GridSample - version 20#
This page documents version 20 of operator GridSample. See GridSample for the latest version (since version 22).
Domain:
ai.onnxSince version: 20
Given an input X and a flow-field grid, computes the output Y using X values and pixel locations from the grid.
For spatial input X with shape (N, C, H, W), the grid will have shape (N, H_out, W_out, 2),
the output Y will have shape (N, C, H_out, W_out). For volumetric input X with shape (N, C, D, H, W),
the grid will have shape (N, D_out, H_out, W_out, 3), the output Y will have shape (N, C, D_out, H_out, W_out).
More generally, for an input X of rank r+2 with shape (N, C, d1, d2, …, dr),
the grid will have shape (N, D1_out, D2_out, …, Dr_out, r), the output Y will have shape (N, C, D1_out, D2_out, …, Dr_out).
The tensor X contains values at centers of square pixels (voxels, etc) locations such as (n, c, d1_in, d2_in, …, dr_in).
The (n, d1_out, d2_out, …, dr_out, :) values from the tensor grid are the normalized positions for interpolating the values
at the (n, c, d1_out, d2_out, …, dr_out) locations from the output tensor Y using a specified interpolation method (the mode)
and a padding mode (for grid positions falling outside the 2-dimensional image).
For example, the values in grid[n, h_out, w_out, :] are size-2 vectors specifying normalized positions in the 2-dimensional space of X.
They are used to interpolate output values of Y[n, c, h_out, w_out].
The GridSample operator is often used in doing grid generator and sampler in the Spatial Transformer Networks.

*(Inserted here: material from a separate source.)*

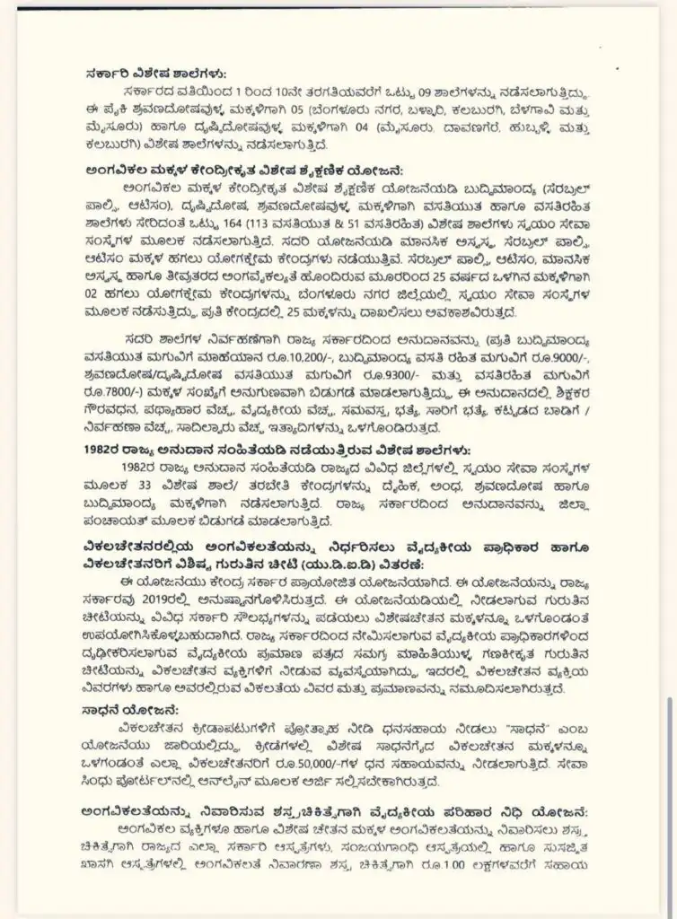 ಅಂಗವಿಕಲ ಮಕ್ಕಳ ಕೇಂದ್ರೀಕೃತ ವಿಶೇಷ ಶೈಕ್ಷಣಿಕ ಯೋಜನೆಯಡಿ ಬುದ್ಧಿಮಾಂದ್ಯ (ಸೆರಬ್ರಲ್ ಪಾಲ್ಸಿ, ಆಟಿಸಂ), ದೃಷ್ಟಿದೋಷ, ಶ್ರವಣದೋಷವುಳ್ಳ ಮಕ್ಕಳಿಗಾಗಿ ವಸತಿಯುತ ಹಾಗೂ ವಸತಿರಹಿತ ಶಾಲೆಗಳು ಸೇರಿದಂತೆ ಒಟ್ಟು 164 (113 ವಸತಿಯುತ & 51 ವಸತಿರಹಿತ) ವಿಶೇಷ ಶಾಲೆಗಳು ಸ್ವಯಂ ಸೇವಾ ಸಂಸ್ಥೆಗಳ ಮೂಲಕ ನಡೆಸಲಾಗುತ್ತಿದೆ. ಸದರಿ ಯೋಜನೆಯಡಿ ಮಾನಸಿಕ ಅಸ್ವಸ್ಥ, ಸೆರಬ್ರಲ್ ಪಾಲ್ಸಿ, ಆಟಿಸಂ ಮಕ್ಕಳ ಹಗಲು ಯೋಗಕ್ಷೇಮ ಕೇಂದ್ರಗಳು ನಡೆಯುತ್ತಿವೆ. ಸೆರಬ್ರಲ್ ಪಾಲ್ಸಿ, ಆಟಿಸಂ, ಮಾನಸಿಕ ಅಸ್ವಸ್ಥ ಹಾಗೂ ತೀವ್ರತರದ ಅಂಗವೈಕಲ್ಯತೆ ಹೊಂದಿರುವ ಮೂರರಿಂದ 25 ವರ್ಷದ ಒಳಗಿನ ಮಕ್ಕಳಿಗಾಗಿ 02 ಹಗಲು ಯೋಗಕ್ಷೇಮ ಕೇಂದ್ರಗಳನ್ನು ಬೆಂಗಳೂರು ನಗರ ಜಿಲ್ಲೆಯಲ್ಲಿ ಸ್ವಯಂ ಸೇವಾ ಸಂಸ್ಥೆಗಳ ಮೂಲಕ ನಡೆಸುತ್ತಿದ್ದು ಪ್ರತಿ ಕೇಂದ್ರದಲ್ಲಿ 25 ಮಕ್ಕಳನ್ನು ದಾಖಲಿಸಲು ಅವಕಾಶವಿರುತ್ತದೆ.

See also in torch.nn.functional.grid_sample.
Inputs
X (T1): Input tensor of rank r+2 that has shape (N, C, D1, D2, …, Dr), where N is the batch size, C is the number of channels, D1, D2, …, Dr are the spatial dimensions.
grid (T2): Input offset of shape (N, D1_out, D2_out, …, Dr_out, r), where D1_out, D2_out, …, Dr_out are the spatial dimensions of the grid and output, and r is the number of spatial dimensions. Grid specifies the sampling locations normalized by the input spatial dimensions. Therefore, it should have most values in the range of [-1, 1]. If the grid has values outside the range of [-1, 1], the corresponding outputs will be handled as defined by padding_mode. Following computer vision convention, the coordinates in the length-r location vector are listed from the innermost tensor dimension to the outermost, the opposite of regular tensor indexing.
Outputs
Y (T1): Output tensor of rank r+2 that has shape (N, C, D1_out, D2_out, …, Dr_out) of the sampled values. For integer input types, intermediate values are computed as floating point and cast to integer at the end.
Attributes
align_corners (int): If align_corners=1, the extrema (-1 and 1) are considered as referring to the center points of the input’s corner pixels (voxels, etc.). If align_corners=0, they are instead considered as referring to the corner points of the input’s corner pixels (voxels, etc.), making the sampling more resolution agnostic.
mode (string): Three interpolation modes: linear (default), nearest and cubic. The “linear” mode includes linear and N-linear interpolation modes depending on the number of spatial dimensions of the input tensor (i.e. linear for 1 spatial dimension, bilinear for 2 spatial dimensions, etc.). The “cubic” mode also includes N-cubic interpolation modes following the same rules. The “nearest” mode rounds to the nearest even index when the sampling point falls halfway between two indices.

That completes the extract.